Answer :
To solve this problem, we'll use the concept of related rates. We need to find how fast the surface of the water rises, which is the rate of change of the height of the water in the trough over time, \(dh/dt\).
Here's a step-by-step method to solve the problem:
Step 1: Identify what you know.
- The length (\(L\)) of the trough is 10 feet.
- The width (\(W\)) of the trough is 3 feet.
- The rate at which water flows into the trough, which is the rate of change of volume (\(dV/dt\)), is 12 cubic feet per minute.
Step 2: Set up the relationship between volume and dimensions.
The volume (\(V\)) of water in the trough at any time is given by the formula for the volume of a rectangular prism:
\[ V = L \times W \times h\]
where \(h\) is the height of the water in the trough.
Step 3: Differentiate both sides of the volume equation with respect to time (\(t\)).
Taking the derivative gives us the relationship between the rate of change of the volume and the rate of change of the height:
\[ dV/dt = L \times W \times dh/dt\]
Step 4: Solve for \(dh/dt\).
We want to find \(dh/dt\), so we rearrange the equation from Step 3 to solve for \(dh/dt\):
\[ dh/dt = dV/dt / (L \times W)\]
Step 5: Plug in the known values and solve.

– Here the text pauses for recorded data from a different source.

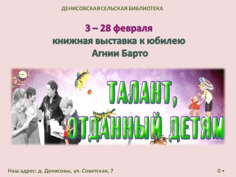 КНИЖНАЯ ВЫСТАВКА К ЮБИЛЕЮ АГНИИ БАРТО «ТАЛАНТ, ОТДАННЫЙ ДЕТЯМ»
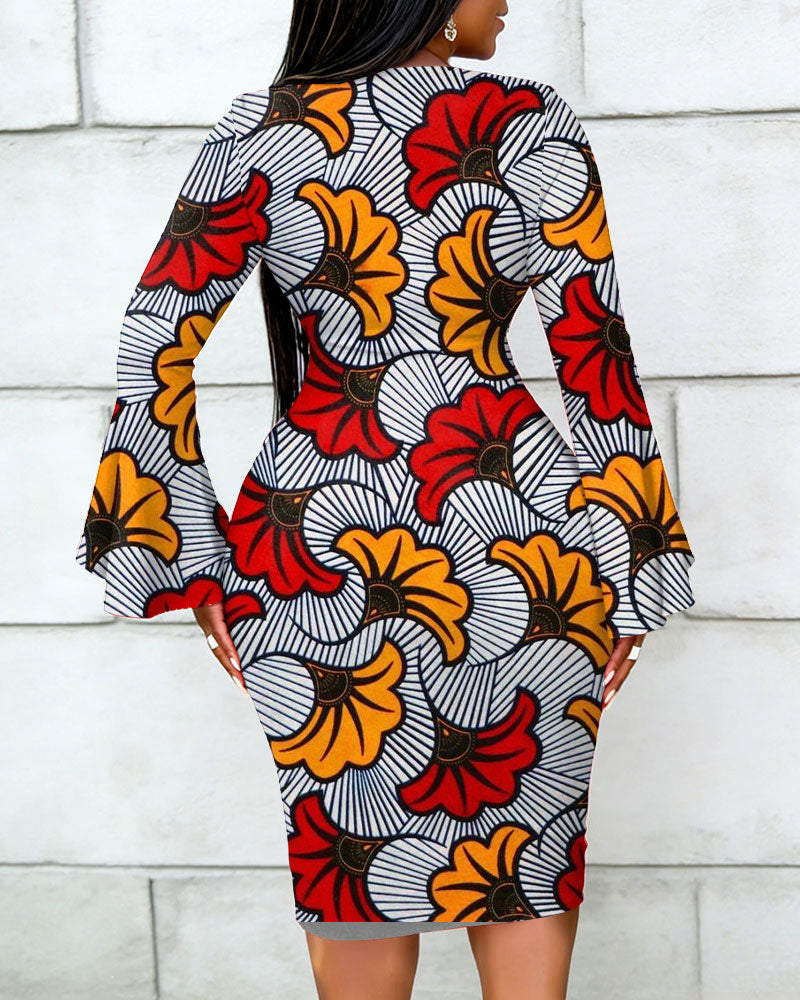 Ankara African American Culture Print Patchwork Round Neck Bell Sleeve Bodycon Long Dress
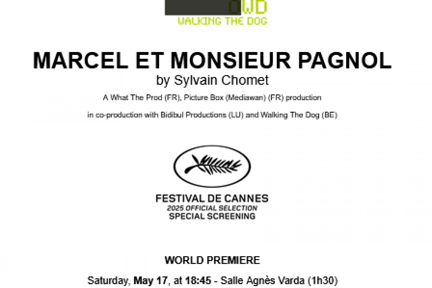 A MAGNIFICENT LIFE also known in French as „Marcel et Monsieur Pagnol,“ is a co-production between FRANCE, LUXEMBOURG and BELGIUM. Alongside the main producers are WHAT THE PROD (FR, producers Ashargin POIRÉ, Valérie PUECH) and PICTURE BOX / MEDIAWAN (FR, producer Aton SOUMACHE) in coproduction with BIDIBUL PRODUCTIONS (LU, producer Lilian ECHE) and WALKING THE DOG (BE, producers Anton ROEBBEN, Eric GOOSSENS).
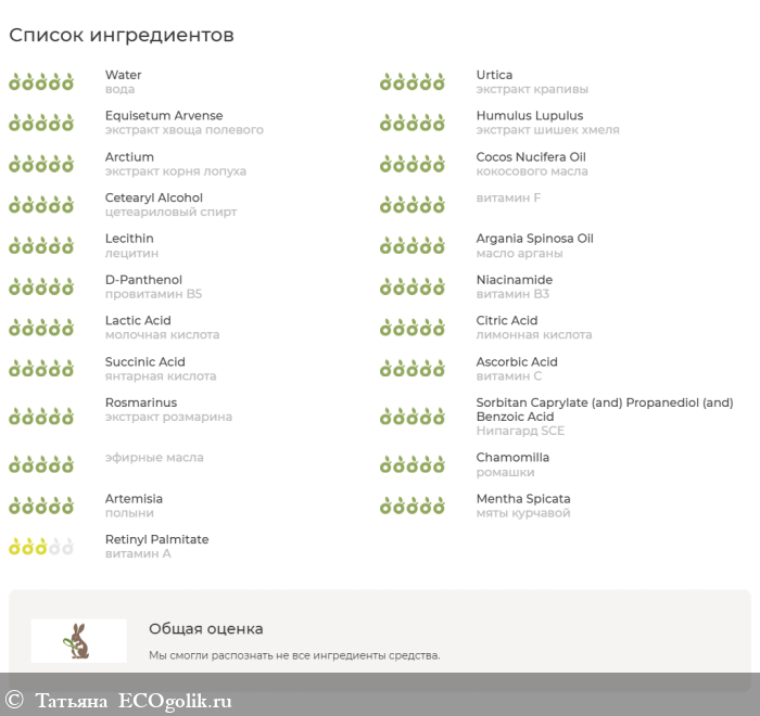 Aqua with infusions of Serenoa Serulata Fruit (экстракт пальмы Сабаля), Centella asiatica (экстракт готу-колы), Urtica Dioica (экстракт крапивы), Equisétum Arvénse (экстракт хвоща полевого), Humulus lupulus (экстракт шишек хмеля), Árctium lappa (экстракт корня лопуха), decyl glucoside (5% Mousse de sucre*), Cetearyl alcohol (цетеариловый спирт), Ethyl Esters of Linoleic (and) Linolenic Acids (витамин Ф), EQ-65 Distearoylethyl Dimonium Chloride** (кондиционер растительного происхождения), lactitol (пребиотик из молочного сахара), Lecithin (нат. лецитин), Argania Spinosa Kernel Oil (масло арганы), Panthenol (провитамин В5), Arginine (натур. аминокислота аргинин), Lactic Acid (молочная кислота), Tocotrienol, Tocopherol (натуральный витамин Е), Citric Acid (лимонная кислота), Succinic Acid (янтарная кислота), L-Ascorbic Acid (витамин С), natural preservatives:
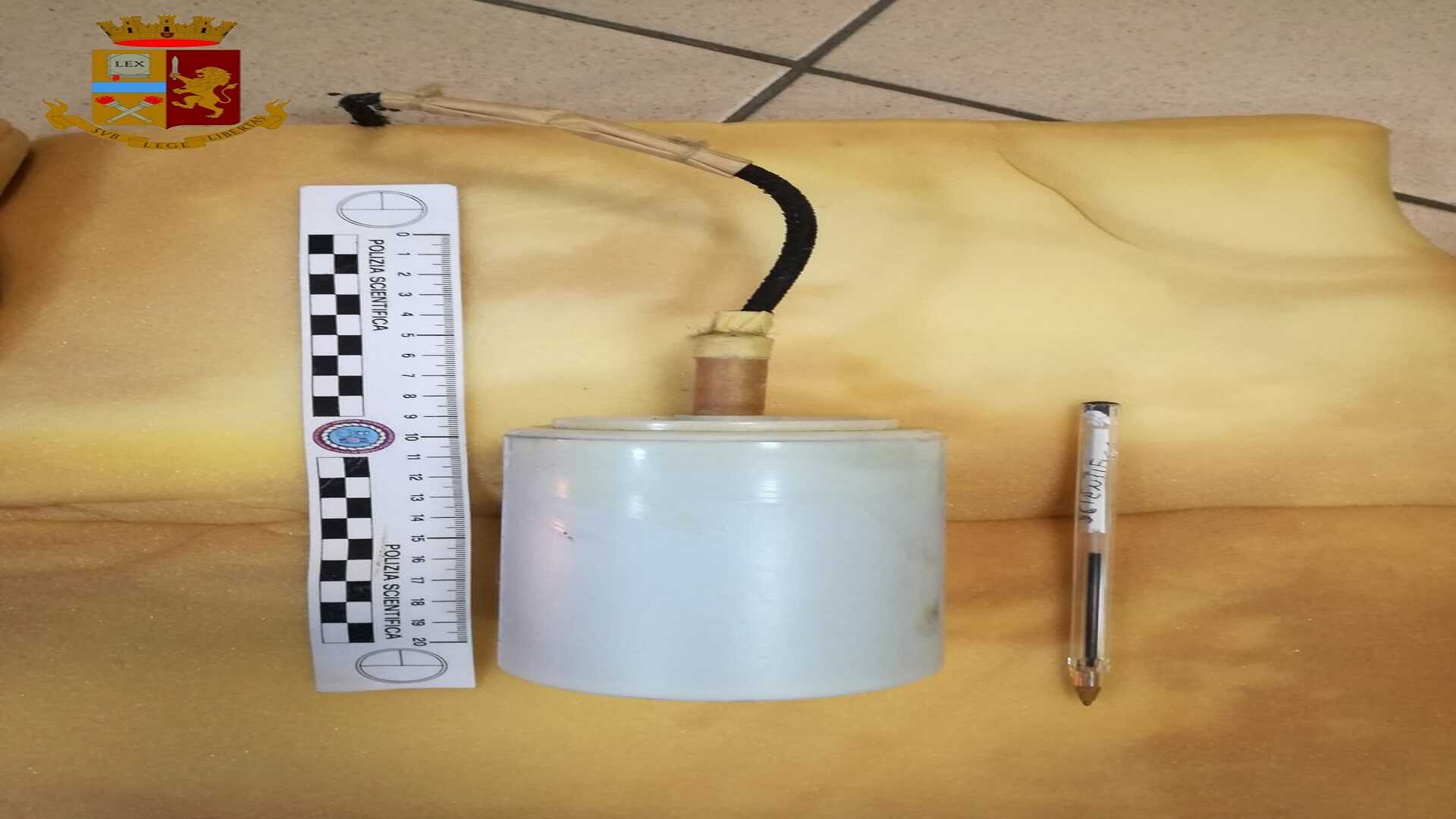 «Nel pomeriggio del 10 dicembre 2019, a Nocera Inferiore in Via Federici, personale del Commissariato di P.S. di Nocera Inferiore effettuava una perquisizione domiciliare presso l’abitazione di D.R. M. di anni 59, pregiudicato per reati specifici, al fine di rinvenire armi ed esplosivi ai sensi dell’art.41 T.U.L.P.S.La perquisizione veniva estesa ad un locale terraneo ubicato nella medesima via al civico 36, in uso al predetto. All’interno del piccolo locale di circa 6 mq., su un precario soppalco, veniva rinvenuto un ordigno esplosivo, di tipo micidiale, avvolto in fogli di spugna e occultato in una scatola di cartone.L’ordigno si presentava come un cilindro di materiale plastico di colore bianco, avente dimensioni 10 x 8 cm e peso complessivo di gr. 400, dotato di una miccia di colore nero lunga cm 25, con ritardo di cartone.Il personale della Polizia di Stato faceva evacuare la zona limitrofa al piccolo locale adottando le cautele necessarie, impedendo il transito di persone e veicoli e facendo intervenire sul posto l’artificiere anti sabotaggio della Polizia di Stato in servizio presso la Questura di Salerno. Dopo accurata analisi, l’artificiere della Polizia faceva rimuovere l’ordigno esplosivo affidandolo ad una ditta specializzata per la custodia in vista delle successive perizie tecniche, definendo l’ordigno rinvenuto, per le caratteristiche del suo confezionamento, dotato di una potenzialità lesiva con effetto micidiale e distruttivo. D. R. M. veniva tratto in arresto in quanto detentore di un ordigno esplosivo di tipo micidiale disciplinato dalla L. 895/67 in tema di controllo delle armi e degli esplosivi. Il Sost. Procuratore di turno presso la Procura della Repubblica di Nocera Inferiore, dr.ssa Federica LO CONTE, subito informata del rinvenimento e del successivo arresto, disponeva la traduzione del predetto presso il proprio domicilio in attesa dell’udienza di convalida. Sono in corso attive indagini, coordinate dalla Procura della Repubblica di Nocera Inferiore, per verificare la provenienza dell’ordigno sequestrato».
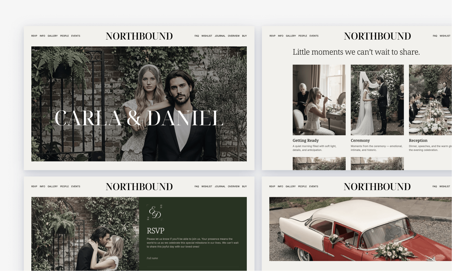 Northbound is a polished, image-led wedding website template built with Astro and Tailwind CSS. With serene typography, harmonious layouts, and a narrative-driven feel, it gives couples a classic, enduring space to present their day.
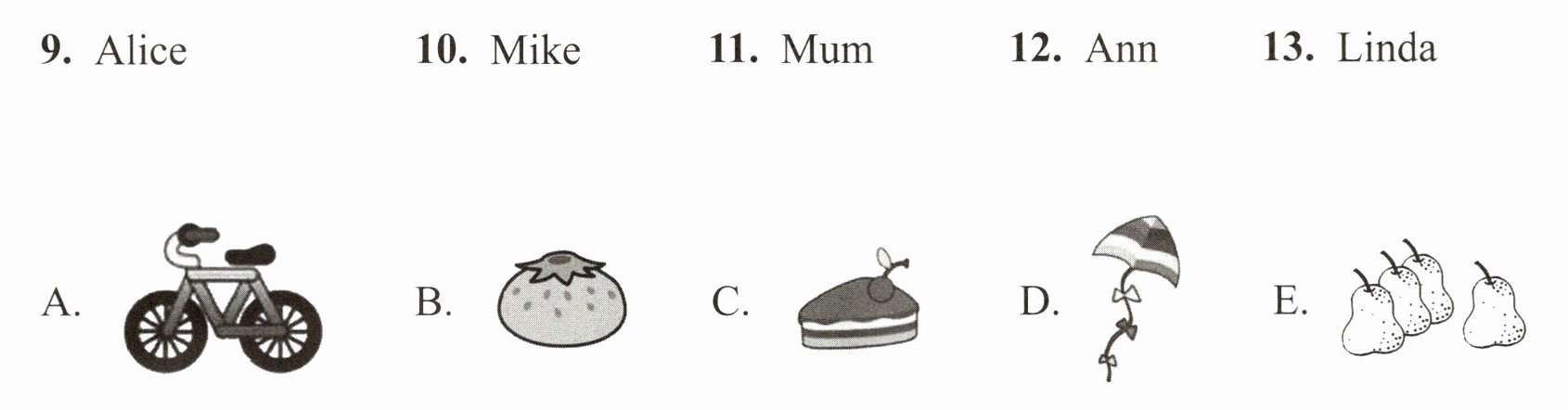 9. Alice 10. Mike 11. Mum 12. Ann 13. Linda

\(L = 10\) feet, \(W = 3\) feet, and \(dV/dt = 12\) cubic feet per minute. Now substitute these values into the equation:
\[ dh/dt = 12 \, \text{ft}^3/\text{min} / (10 \, \text{ft} \times 3 \, \text{ft})\]
\[ dh/dt = 12 \, \text{ft}^3/\text{min} / 30 \, \text{ft}^2\]
\[ dh/dt = 0.4 \, \text{ft/min} \]
So the surface of the water rises at a rate of 0.4 feet per minute.